● WHAT NEEDS TO BE DONE: The lines from the one holding "Port Coquitlam Pedestrian Overpass" through the end of the records below are to be written out exactly, and nothing else; pictures are to be left out.
*** Opening EXERCISE INPUT ***
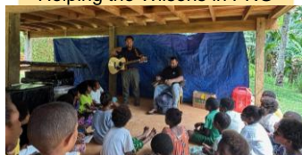
Sunday School in PNG
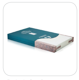
Bariatric Carefree mattress
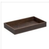
WOODEN DISPLAY GN 1/1 82100013
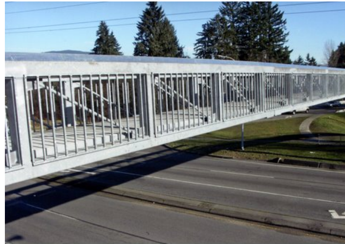
Port Coquitlam Pedestrian Overpass
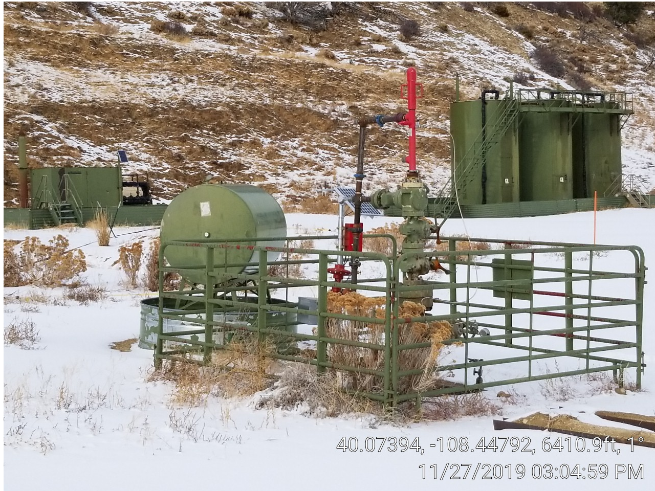
Photo 1. Location.
*** Closing EXERCISE INPUT ***
● EXERCISE RESPONSE:
Port Coquitlam Pedestrian Overpass
Photo 1. Location.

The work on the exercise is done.